Improving basic practices DOES directly translate to successful projects, and
many developers at start-ups have options so they care about such things.

------
616c
I have worked with lots of tech savvy people in many fields, from programmers
to general technicians. They work in all different kinds of industries. I am
still shocked that none of them really know or use source control, other than
the programmers (most, not all). It has become the most interesting type of
program to save my ass in many situations with computer data.

Morale of this story: universally good and/or smart ideas are universally
applied to the masses. Oh well.

------
cateye
I think the main problem is that writing good software is not a commodity.
There is no process or best practices that can ensure a successful software
project.

Especially management is desperately seeking for a way to commoditize software
"production".

This would mean that with a cultivated process and a set of studiously
selected tools and the right developers, the project would be guaranteed a
success. The trouble is: every software project already tries to do that.

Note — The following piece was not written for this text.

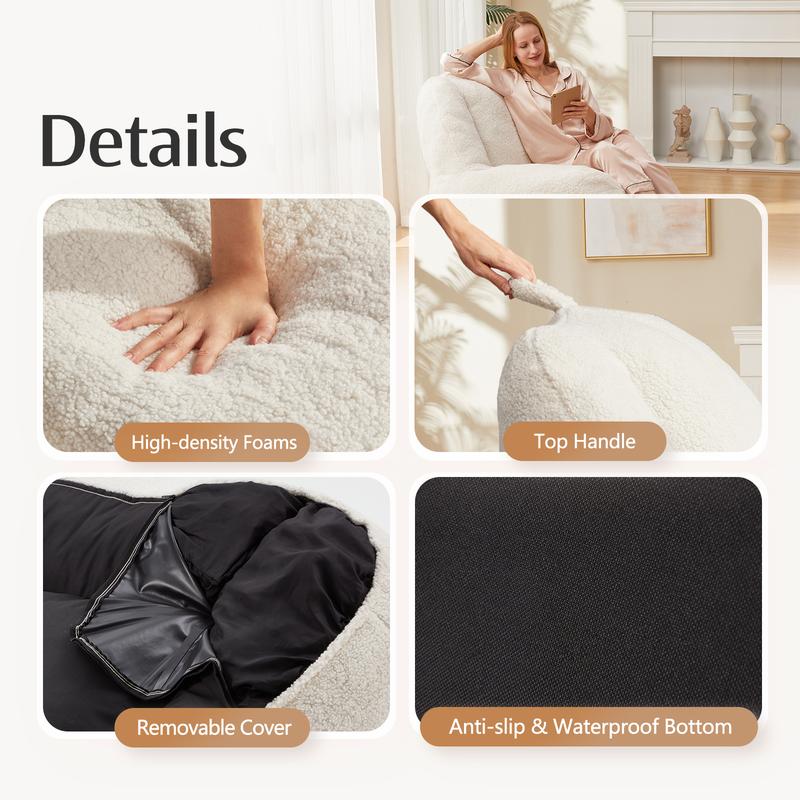 ·User-friendly design: With two zippers on the bottom of the lazy sofa chair, the fluffy chair's cover can be removed for convenient cleaning and maintenance, ensuring the sofa remains aesthetically pleasing and hygienic for a long time. Non-slip fabric on the bottom of the sofa, which provides a stable and secure seating experience. Equipped with a handle, the bean bag chair sofa can be easily moved to desired locations within your home, allowing for flexible use in different areas.

What a business really aims is to be an exception on the "Law of large
numbers".
([http://en.wikipedia.org/wiki/Law_of_large_numbers](http://en.wikipedia.org/wiki/Law_of_large_numbers))
There is simply no static solution to be an exception.

------
kabouseng
The problem lies with both the project managers and the developers. How many
developers take the time for self improvement by reading clean code or code
complete. None, many of them think / assume that when they have finished
college, their days of learning are over.

That same developers become project managers after a couple of years, still
thinking they have learned everything they need to know when they were in
college years back.